The premise we explored was this:

Platform-based 2-sided business models need APIs to enable upstream customers to use telco assets and processes. There are a huge variety of APIs and enablers being developed in the market by industry bodies (GSMA, TM Forum, OMTP, MEF), by individual operators (Vodafone Betavine, Orange Partner, O2 Litmus), and by ad hoc consortia (such as Vodafone, China Mobile, and Softbank’s JIL). But what is the commercial strategy that underpins these programmes? What needs to be done to ensure that APIs are valuable for upstream customers (developers, merchants, advertisers, and government) and profitable for operators?


Participants were asked near the end of the panel: Which of the following statements best reflects your views on the API efforts of the Telco industry?

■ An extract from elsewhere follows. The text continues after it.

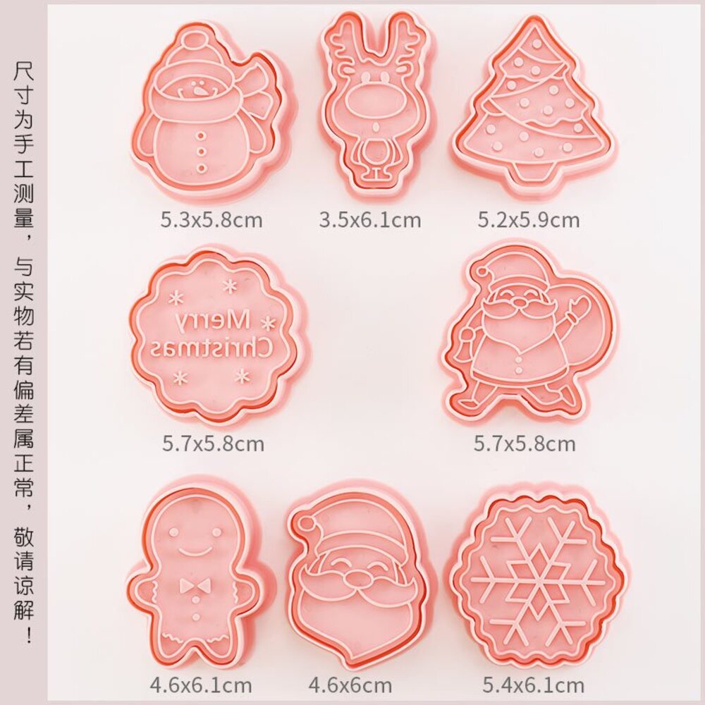 聖誕節餅乾模 8件組 糜鹿 聖誕老人 雪人 薑餅人 聖誕樹 雪花 ,餅乾模

  1. Individual operators and cross-industry bodies are getting things about right and current API programmes will yield significant value to the Telco industry in the next 3 - 5 years.
  2. Individual operators and cross industry bodies have made a good start with their developer and API programmes but more needs to be done to standardise approaches and to bring commercial thinking to the fore if APIs are going to generate significant value to the Telco industry in the next 3 - 5 years.
  3. The current developer and API activity by individual operators and cross industry bodies are totally inadequate and are unlikely to create value in the next 3 - 5 years.
  4. Votes at Telco 2.0

    Lessons learnt & next steps

    APIs are a hot topic in the industry at present and this lively session highlighted three things very clearly:

    1. There is a great deal of work being done on APIs by the operator and vendor community. There is a real sense of urgency in the Industry to make a set of cross-operator/platform/bearer/device APIs available to developers quickly;
    2. There is a real risk of this API activity being derailed by the emergence of numerous independent “islands” of APIs and developer programmes. It is not uncommon for operators to have 3 or more separate initiatives around “openness” - in the network, on handsets or on home fixed-broadband devices, in the billing system and so on. Various industry bodies have taken prominent roles, usually at the level of setting requirements, rather than developing detailed standards.
    3. Thomas Howe, CEO, Jaduka: ”Standards aren’t something we have to wait for! In the web sphere standards were something we did which worked so well that everyone said ‘that’s the standard’ and started using it. This is what happened with AJAX.”
    4. It is still extremely early days for the commercial model for APIs. This is an area that the Telco 2.0 Initiative is concentrating hard on at present. It is already becoming apparent that a one-size-fits-all solution will be difficult. In line with the previous discussion about piloting Telco 2.0 services, it is important for operators to ensure that API platforms (and the associated revenue mechanisms) can service two distinct classes of user/customer:
      • Broad adoption by thousands/millions of developers via automated web interfaces (similar to signing up for Google Adwords or Amazon’s cloud storage & computing services);
      • Large-scale one-off projects and collaborations, which may require custom or bespoke capabilities (e.g. linked to subscriber data management systems or “semi-closed” / “private” APIs), for example with governments or major media companies.
    5. It seems that certain sets of APIs are quite standalone and perhaps have simpler monetisation models - e.g. location lookups or well-defined authentication tasks. Others, such as granting 3rd-party access to specific “cuts” of subscriber data, may be more difficult to automate.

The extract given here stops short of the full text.